Abstract
Introduction:
Ischemia leads to loss of neurons by apoptosis in specific brain regions, especially in the hippocampus. The purpose of this study was investigating the effects of exercise preconditioning on expression of Bax, Bcl-2, and caspase-3 proteins in hippocampal CA1 neurons after induction of cerebral ischemia.
Methods:
Male rats weighing 260–300 g were randomly allocated into three groups (sham, exercise, and ischemia). The rats in exercise group were trained to run on a treadmill 5 days a week for 4 weeks. Ischemia was induced by the occlusion of both common carotid arteries (CCAs) for 20 min. Levels of expression of Bax, Bcl-2, and caspase-3 proteins in CA1 area of hippocampus were determined by immunohistochemical staining .
Results:
The number of active caspase-3-positive neurons in CA1 area were significantly increased in ischemia group, compared to sham-operated group (P<0.001), and exercise preconditioning significantly reduced the ischemia/reperfusion-induced caspase-3 activation, compared to the ischemia group (P<0.05). Also, results indicated a significant increase in Bax/Bcl-2 ratio in ischemia group, compared to sham-operated group (P<0.001).
Discussion:
This study indicated that exercise has a neuroprotective effects against cerebral ischemia when used as preconditioning stimuli.

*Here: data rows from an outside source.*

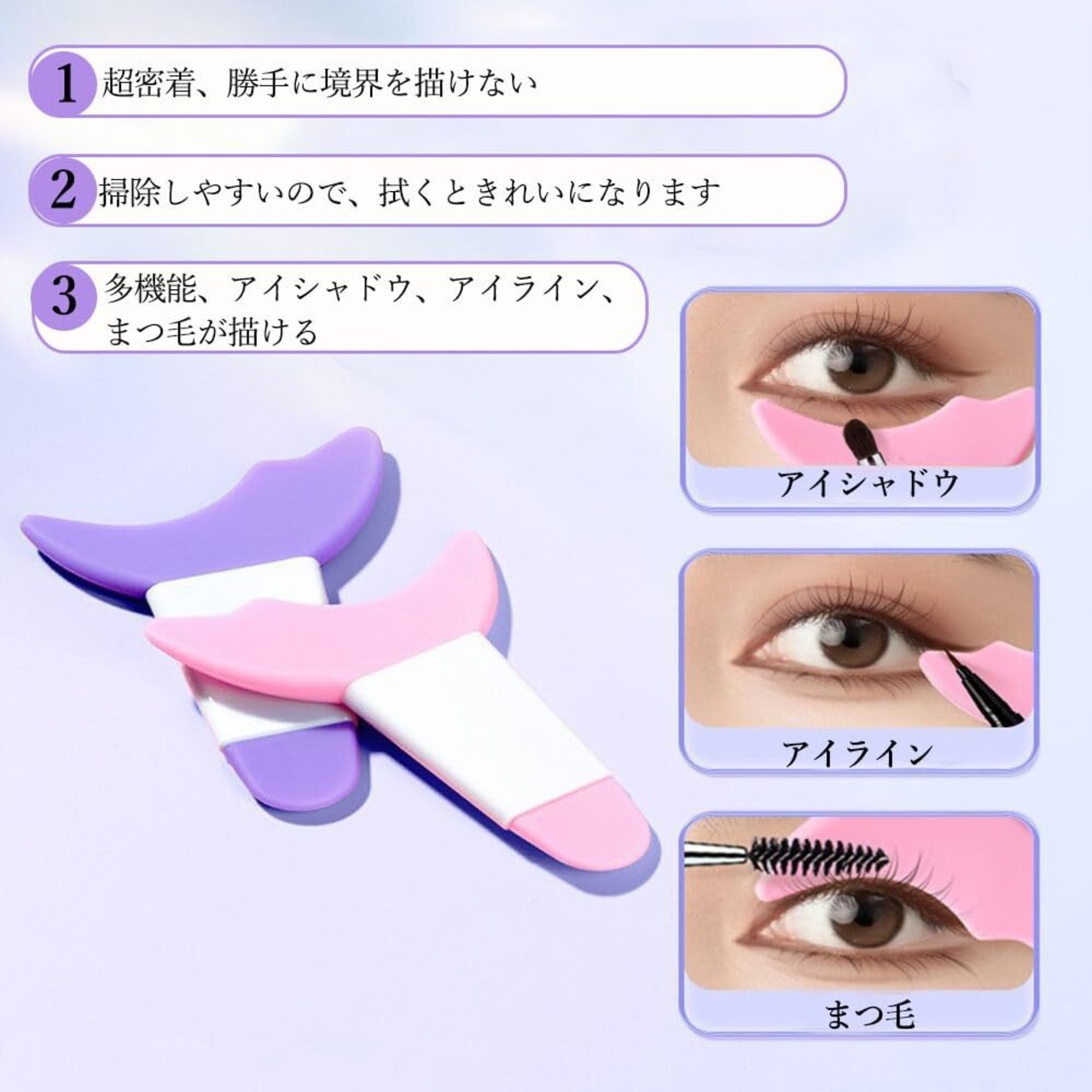 ISHR マスカラガード 2個セット アイライナーブラシ アイメイクエイド 多機能アイメイクアシスト アイメイクツール 補助パッド まつ毛パーマ セルフキット (パープル+ピンク)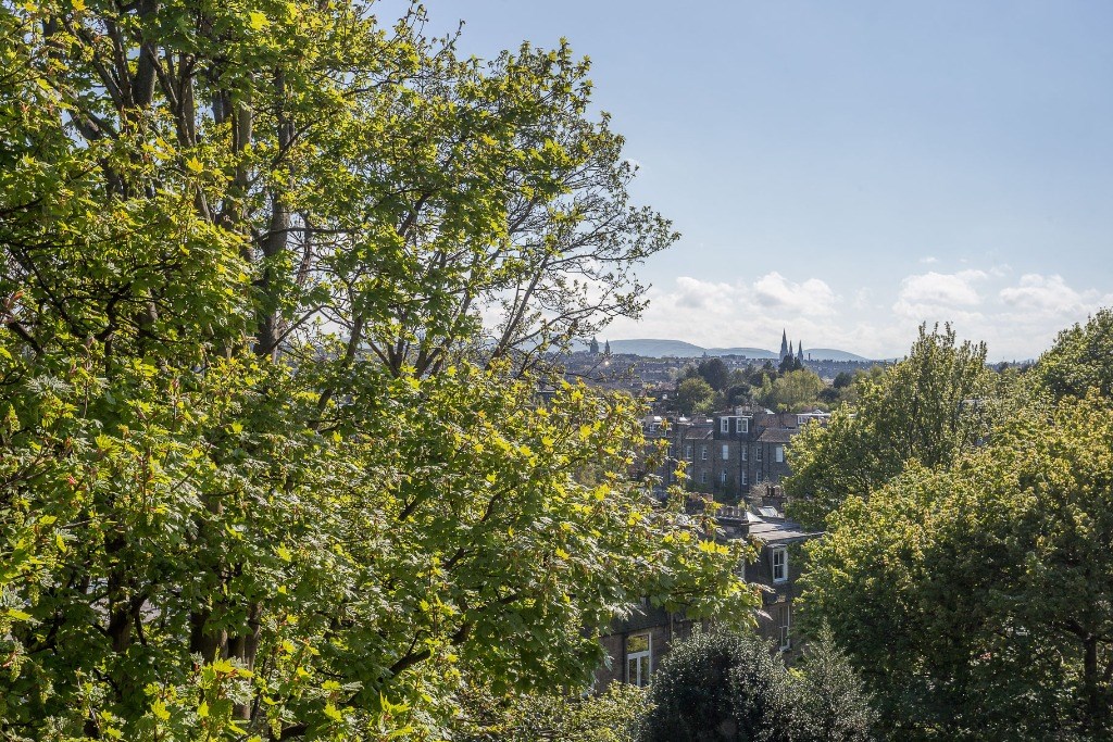 The accommodation is both spacious and versatile, comprising a welcoming entrance hall with storage cupboards, leading to an impressive sitting/dining room with triple aspect windows to the front, side and rear. This wonderful living space is flooded with natural light throughout the day and at during the year, offers amazing views across the city skyline towards Edinburgh Castle and Calton Hill — a truly special outlook.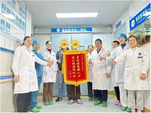 在医护人员的专业诊疗和悉心护理下,覃先生的病情逐渐好转,住院的第14天顺利成功撤除ECMO,第20天顺利撤除机械通气,第26天转至康复医学科继续进行康复锻炼治疗。出院当天,覃先生和他的儿子专程为科室送来了锦旗,感谢医护人员的救命之恩。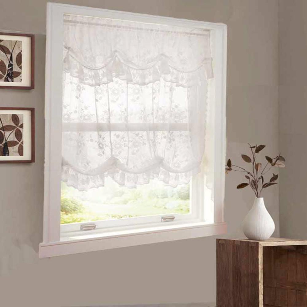This balloon shade by Lichtenberg features classic lace design with beautiful etched floral motifs and attached valance. Easily adjust the height of the shade using clips provided. This treatment is designed to be a stationary shade and does not move up and down except when manually adjusted with the clips.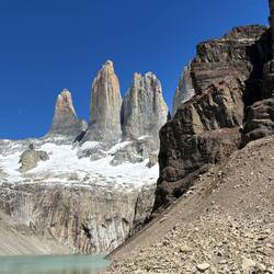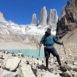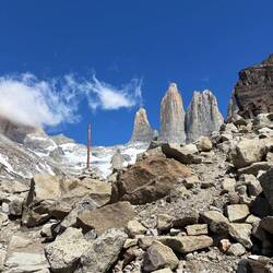 It was a very chilly morning but the cloud cover cleared by the hike start and the outer layer didn’t last long. We started a little on the late side at 9:15 (for the early shift anyway) and the reviews said it would be sort of a “conga line” affair which turned out to be pretty much true as this is the most popular hike in the park. It’s rated hard due to the length but is pretty accessible for a fit hiker, adding to the number of people that do it. That said, I was a bit surprised to see some really young kids and some adults that looked pretty out of shape. I’m a reasonably fit guy and it was hard for me. But then again, I do have to enroll in Medicare this year… It’s mostly just walking up with a number of steep spots, switchbacks, and rutted paths though wooded areas and much of the surface was loose granite rocks. Trekking poles really helped. The last 1.5k gets much steeper, just shy of “scrambling” but you had to pick your way through the boulders and seemed like it went on forever. Just when you think it was right around the corner there was another pitch. But eventually you could see Las Torres peak (pun intended) over the rock and the next turn was the “Ta Da” view.
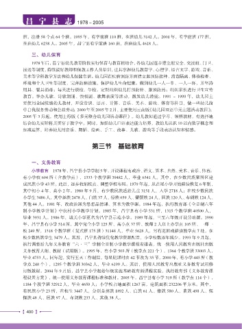 义务教育大纲、教材(试用版)。1995 年,有小学 503 所(教学点 221 个),1364 个教学班 33003 人,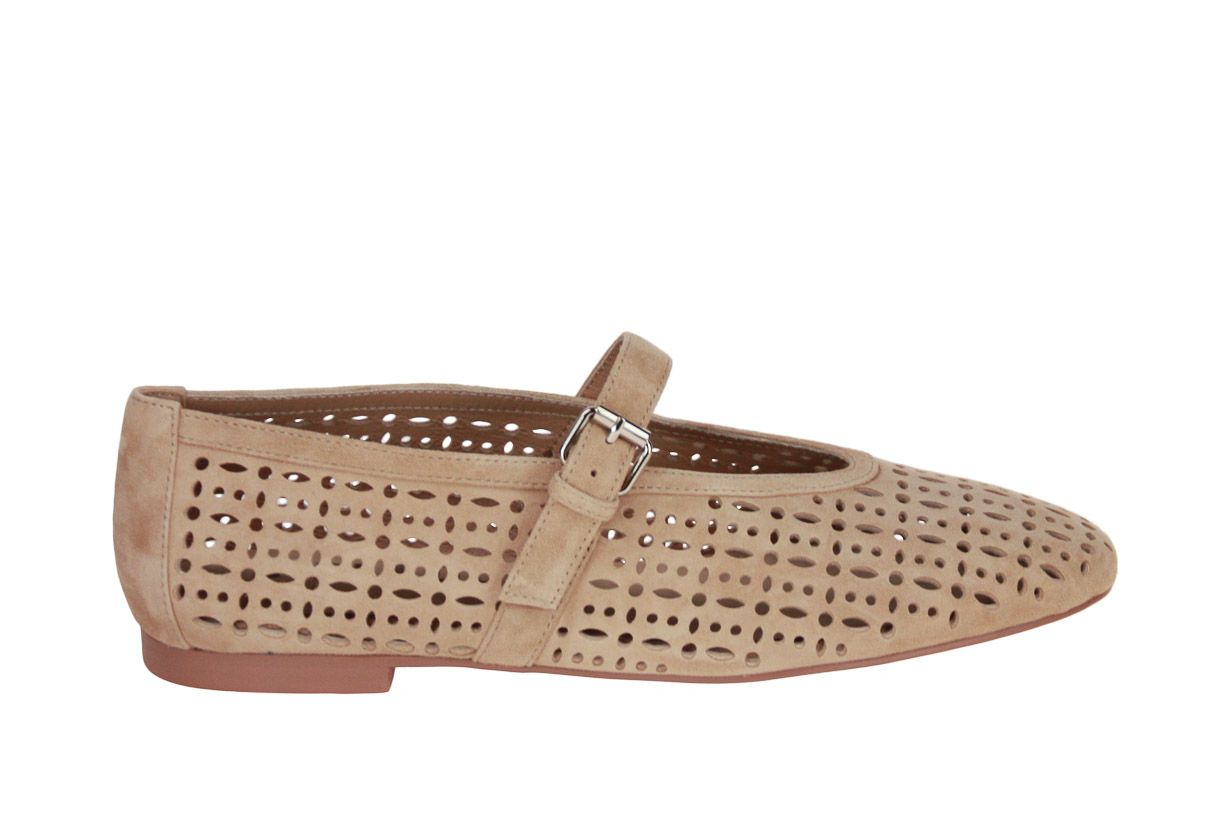 Deze beige suède damesschoen is van het merk Bibi Lou.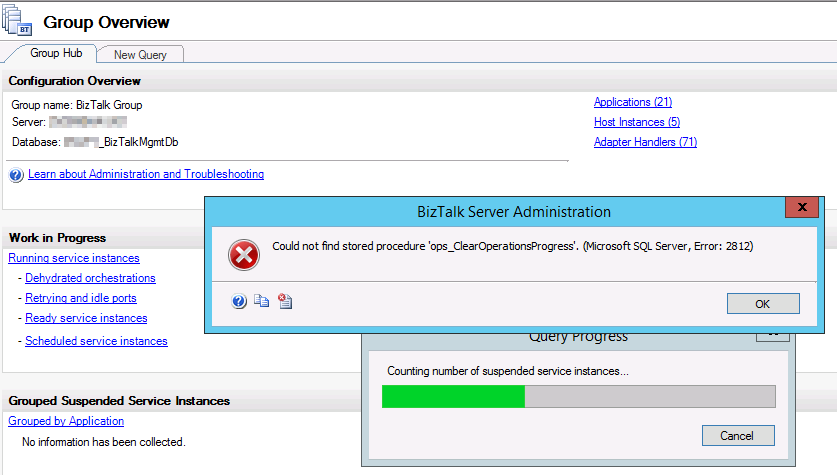 当您尝试打开BizTalk管理控制台时,您将屏蔽一个“未能找到存储过程ops_ClearOperationsProgress”异常。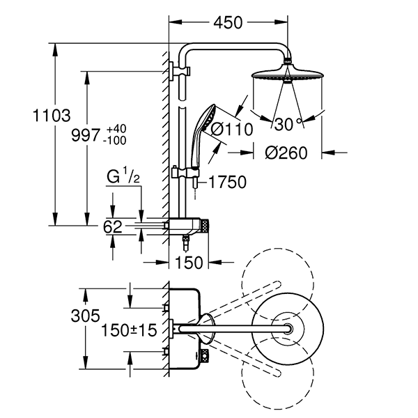 26509000 Euphoria SmartControl System 260 Mono Душевая система с термостатом для настенного монтажа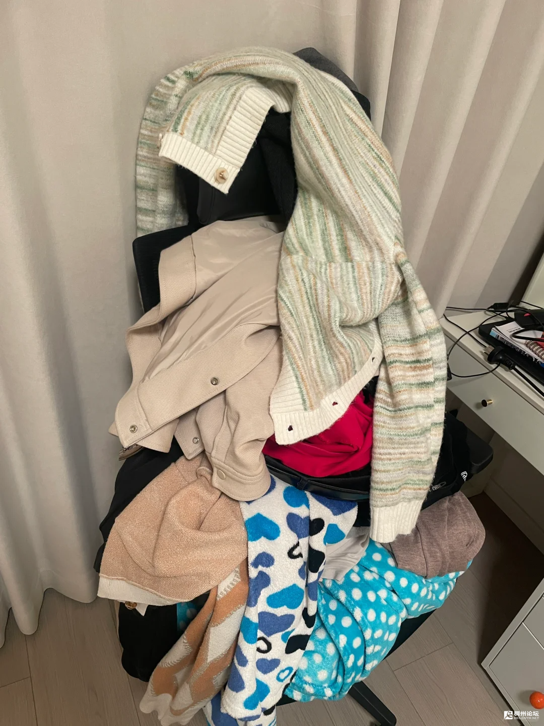 我女儿的椅子,进化了。从一把普普通通的学习椅,硬生生被她堆成了一座 “珠穆朗玛峰”。除了贴身的秋衣秋裤会按时换下来洗,剩下的外套基本都逃不过 “穿一次就搁置” 的命运。尤其是羊毛、羊绒和羽绒服,她总说洗多了会变形损耗,一周也就穿一两次,其余时间全堆在椅子上。如今椅子已经堆不下了,这些衣服又慢慢侵占了她的床,每次推开房门,看到这乱糟糟的景象,我都忍不住头疼。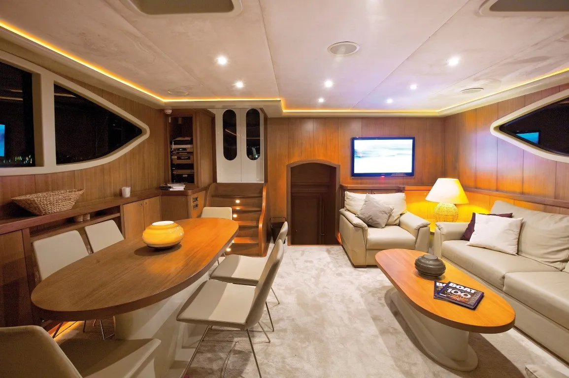 Yatın salonu ve güvertesi, zarif detaylarla dekore edilmiş olup, deniz manzarası eşliğinde yemek keyfi yapabileceğiniz geniş masalarla donatılmıştır. Gündüz güneşlenme alanlarında dinlenebilir, akşamları ise gün batımı eşliğinde huzur dolu anlar yaşayabilirsiniz. Salondaki tv ve müzik sistemiyle eğlencenizi sürdürebilir; ayrıca su sporları, balıkçılık ya da amatör dalış ekipmanlarıyla mavi yolculuğunuzda macera dolu saatler geçirebilirsiniz.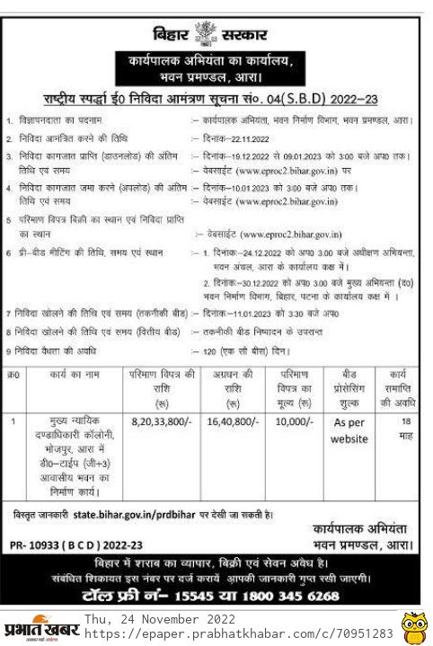 Tender for Construction work of D-Type (G+3) residential building at Chief Judicial Magistrate Colony, Bhojpur, Ara.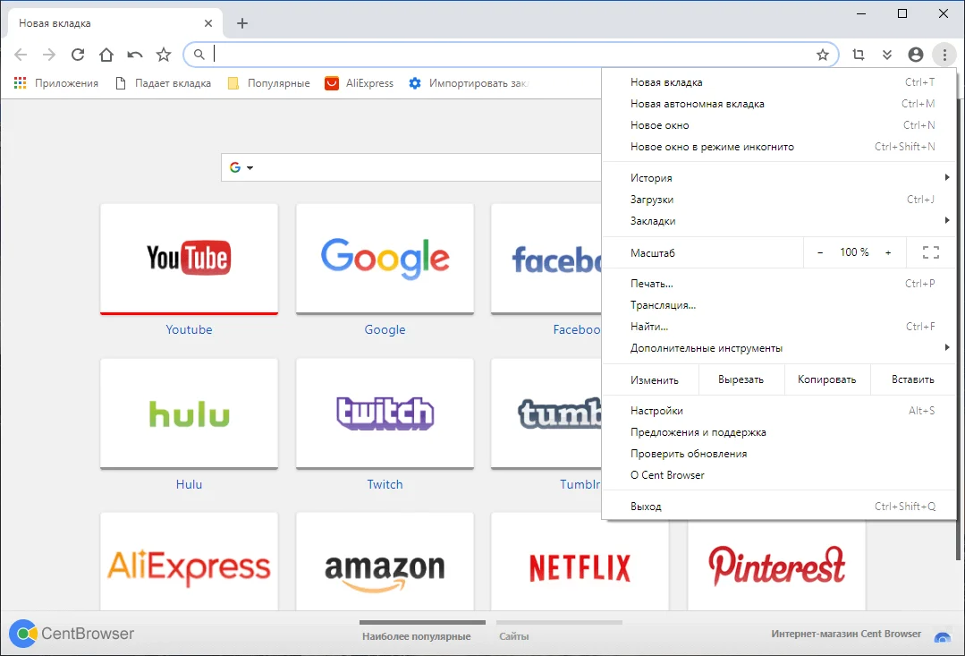 Основан на базе Google Chrome: Cent Browser построен на популярной платформе Chromium, а значит наследует все преимущества Google Chrome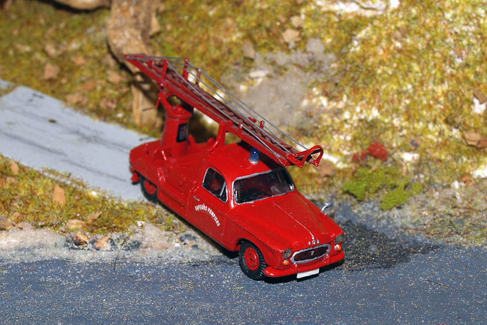 Im Original auf einem Peugeot 403 aufgebaut, hatte die Kleine hinten einen festen Turm, auf dem die Leiter drehbar montiert war.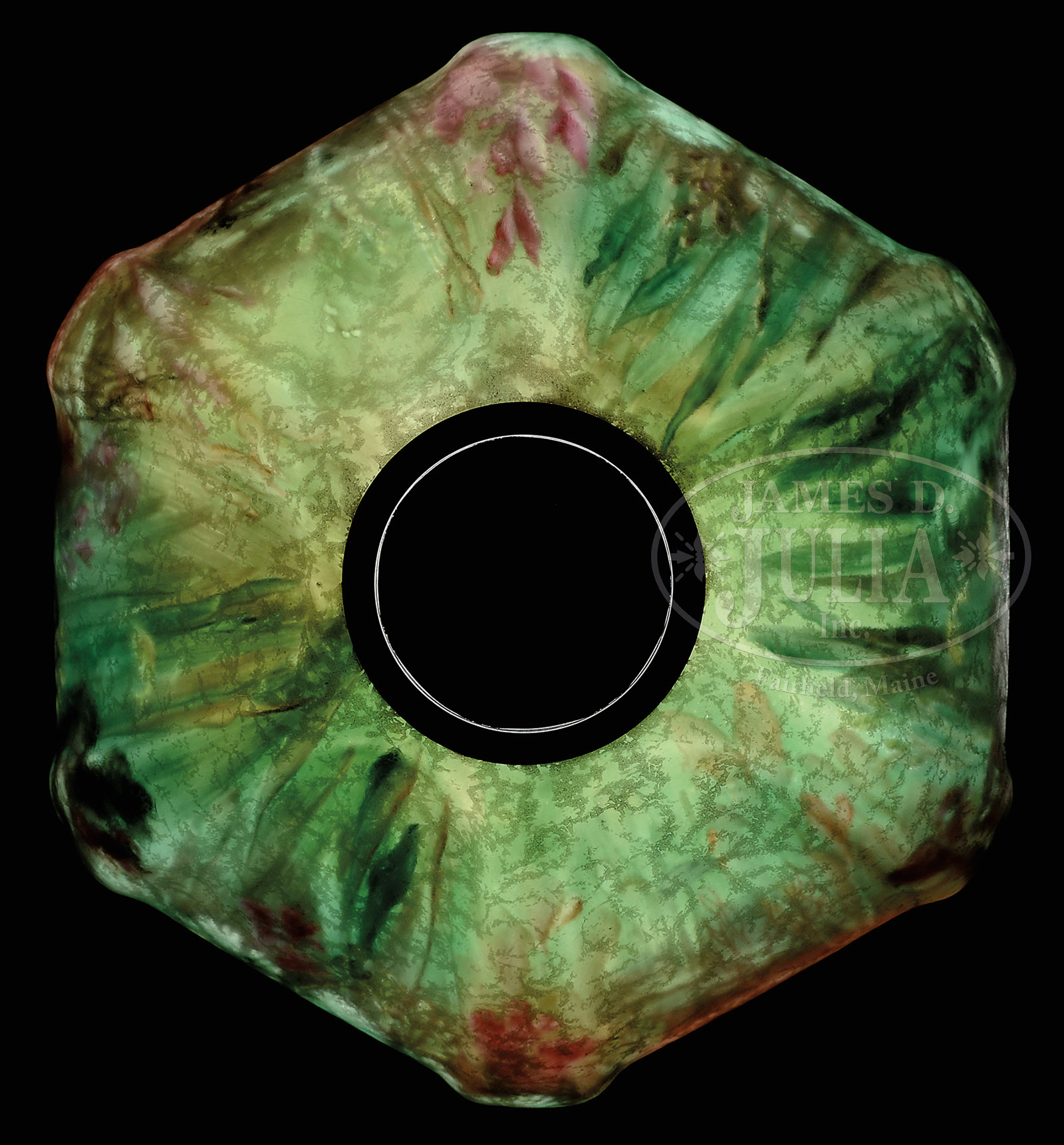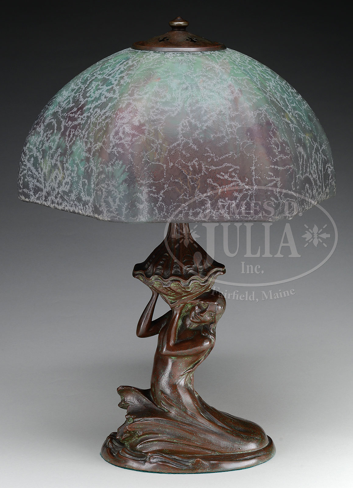 HANDEL REVERSE PAINTED UNDERWATER LAMP.Handel reverse painted shade has underwater scene with fish swimming through aquatic vegetation against a shaded green background. Shade is signed on the interior “Handel 6393”. The exterior of the shade is finished in chipped ice. The shade rests on an original Handel mermaid base with brown finish, 3-socket cluster and fleur-de-lis heat cap. Base is signed on the underside with applied cloth tag “Handel”. SIZE: Shade 15-1/4″ dia. Lamp 21-3/4″ t. CONDITION: Shade is very good to excellent and base is very good to excellent. 52005-1 (30,000-40,000) – Lot 1685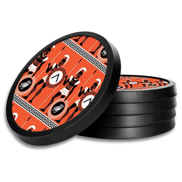 Silicone Non-Slip Drink Coasters with Removable Printed Absorbent Felt Pad - Set of 4 - Ancient Greek Warriors

Keywords: Ischemia, Exercise, Hippocampus, Apoptosis, Bax, Bcl-2, Caspase-3
1. Introduction
Cerebral ischemia causes tissue damage through the interaction of complex patho-physiological processes, including excitotoxicity, inflammation, and apoptosis. Furthermore, reperfusion generates an overproduction of Reactive Oxygen Species (ROS), or better known as free radicals, leading to reperfusion injury (Dirnagl, Iadecola, & Moskowitz, 1999).
Apoptosis resulted from cerebral Ischemia/Reperfusion (I/R) is one of the main causes of cell death (Mattson, Duan, Pedersen, & Culmsee, 2001). As a matter of fact, mitochondria plays an essential role in most cases of apoptosis (Zamzami et al., 1996). In other words, the permeability of the outer mitochondrial membrane increases when it receives an apoptotic signal, resulting in a reduction of the mitochondrial membrane potential followed by the trans-location of the proapoptotic factor (i.e. cytochrome c) from the mitochondrial inter-membrane space to the cytosol. Release of cytochrome c into the cytosol leads to the formation of the apoptosome complex (Li et al., 1997). The apoptosome permits the autoactivation of caspase-9, which is followed by the activation of caspase-3. The activation of caspase-3 induces DNA fragmentation and apoptotic neuronal cell death (Chen et al., 1998). Therefore, inhibition of caspase-3 can significantly reduce ischemia-related cell death.
The Bcl-2 (an antiapoptotic protein) is associated with the mitochondrial outer membrane and can inhibit the release of cytochrome c (Kluck, Bossy-Wetzel, Green, & Newmeyer, 1997). Also, the Bax (a proapoptotic protein) may damage the outer mitochondrial membrane, which can result in the release of cytochrome c. Furthermore, Bax can bind to Bcl-2 and inhibit its antiapoptotic functions (Wattenberg & Lithgow, 2001). It has been reported that dramatic downregulation of Bcl-2 and upregulation of Bax proteins in vulnerable tissues following ischemia occur. The ratio of proapoptotic/antiapoptotic proteins (i.e. Bax/Bcl-2) determines the susceptibility of cells to a death signal (Adams & Cory, 1998).
The hippocampus, which plays an important role in both learning and memory (Erfani, Khaksari, Oryan, Shamsaei, Aboutaleb, Nikbakht, et al., 2015), is more sensitive to ischemic insults than other areas of brain. Damage to the hippocampus causes amnesia and memory loss in long-term period (Albasser, Amin, Lin, Iordanova, & Aggleton, 2012). Based on the results of previous studies, the CA1 pyramidal neurons in hippocampus are particularly vulnerable to ischemic insult; in fact, these neurons die 3–7 days after transient forebrain ischemia (Ouyang, Voloboueva, Xu, & Giffard, 2007). Also, transient global ischemia for 15 min damages the vulnerable cells, particularly in the CA1 area of the hippocampus (Olsson, Wieloch, & Smith, 2003).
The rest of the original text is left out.